I.
Dave Winer is someone who knows a thing or two about Big Ideas: he’s the inventor of RSS, the very first podcaster and one of the earliest bloggers. A tireless advocate for the independent publisher, Winer has also had a long-running fixation on what he calls the future-safe web:
“The concern is that the record we’re creating is fragile and ephemeral, so that to historians of the future, the period of innovation where we moved our intellectual presence from physical to electronic media will be a blank spot, with almost none of it persisting. If, for example, this website were to persist, you would be able to read these words, at their permanent address, many years into the future.”

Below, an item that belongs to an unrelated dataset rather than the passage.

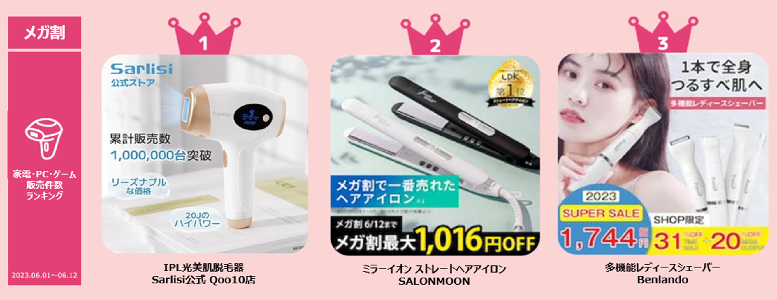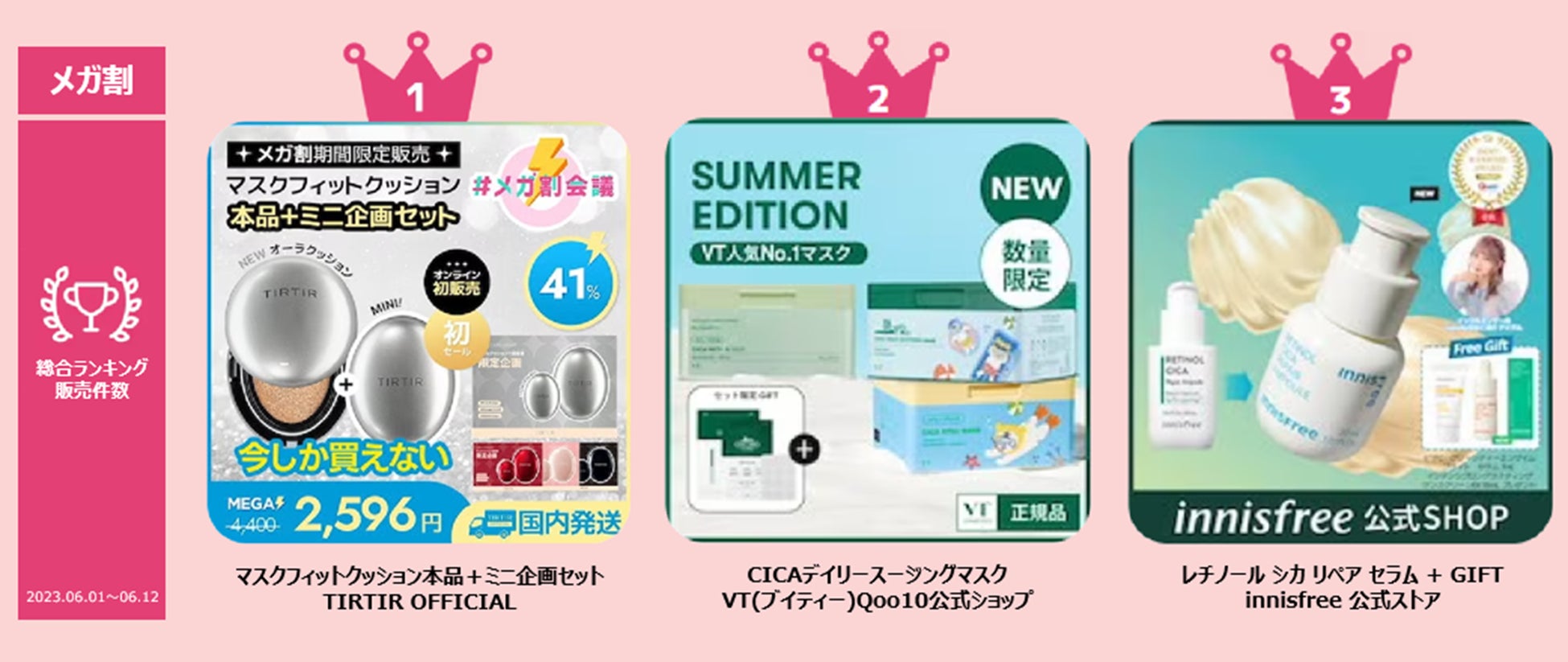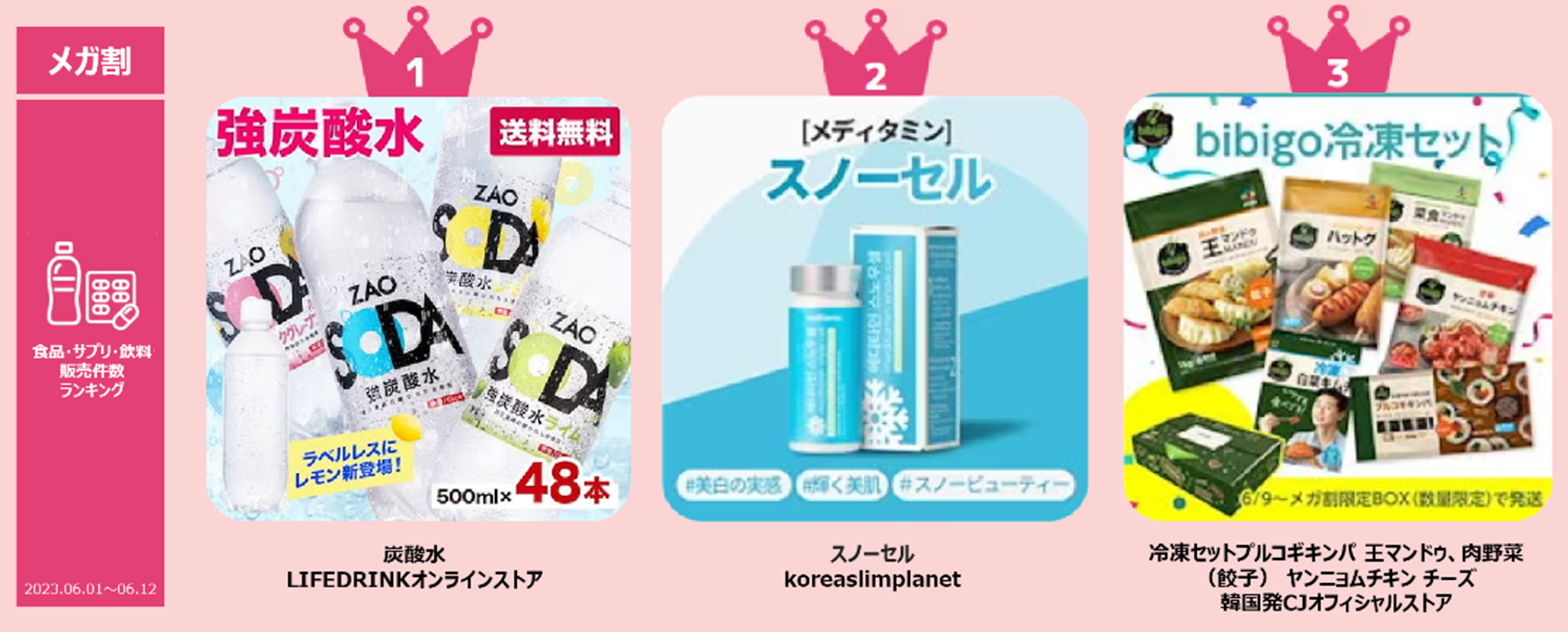 ■メガ割ランキング(期間:2023年6月1日~6月12日)

If Dave Winer wants to get the web to a place where future-safety is a possibility, at least on an opt-in basis, he’ll do it. His track record has proven that much, at least.
II.
And now here’s an article from February about people who delete their tweets after a few days. Author Robin Sloan is quoted as such:
“I have to admit that I cannot remember, with perfect clarity, the moment I decided I was going to be a tweet deleter,” he says. “I assume I was taking a spin back through old tweets and decided, ehh, this is not a great contribution to the historical record.”

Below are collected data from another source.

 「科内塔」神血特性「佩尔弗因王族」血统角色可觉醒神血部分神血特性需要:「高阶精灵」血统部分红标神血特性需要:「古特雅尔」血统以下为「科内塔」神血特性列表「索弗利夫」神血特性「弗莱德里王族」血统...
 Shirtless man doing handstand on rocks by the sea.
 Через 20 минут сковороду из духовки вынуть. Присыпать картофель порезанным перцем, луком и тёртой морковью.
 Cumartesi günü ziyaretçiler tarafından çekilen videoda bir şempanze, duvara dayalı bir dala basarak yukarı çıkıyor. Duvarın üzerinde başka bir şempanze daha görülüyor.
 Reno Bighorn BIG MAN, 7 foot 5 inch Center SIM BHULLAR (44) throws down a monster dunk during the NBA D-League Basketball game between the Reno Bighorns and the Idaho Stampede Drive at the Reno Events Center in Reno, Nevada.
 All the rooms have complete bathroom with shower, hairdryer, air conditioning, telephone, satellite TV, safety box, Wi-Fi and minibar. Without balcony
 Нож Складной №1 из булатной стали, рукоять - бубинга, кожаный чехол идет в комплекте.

The 140 character limit of a tweet naturally encourages brevity and occasionally informality in discourse. There’s way less gravitas compared to a Medium post and an infinite amount less than, say, walking up and nailing your blog post to the door of a church. Turns out: the life span of a post on Fusion is at least seven months.
III.
If you could record your whole life, would you do it? Would you go back and relive those moments? Would you painstakingly maintain ever-expanding data structures to accommodate the flow of data? Is the archive valuable to you or your family or historians or (more likely) as a data point in a massive aggregate for advertisers? Conversely, if you could wash it all away, would you? No more #tbt, no more nostalgia, no regrets.

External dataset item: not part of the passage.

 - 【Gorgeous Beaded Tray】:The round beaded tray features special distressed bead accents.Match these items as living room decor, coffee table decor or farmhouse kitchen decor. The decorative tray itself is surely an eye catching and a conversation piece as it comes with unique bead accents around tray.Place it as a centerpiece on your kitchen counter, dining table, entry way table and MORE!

Computers are really, really good at remembering things and have been for a long time. But as technology has evolved, we have gone from merely using computers to inhabiting them. The idea that your online presence is distinct from your real-world identity is laughable to the average American 16 year old. So while it’s natural for humanity to see the computer age as an opportunity to get a do-over for the Library of Alexandria, it also makes sense to have our online interactions more closely model our day-to-day.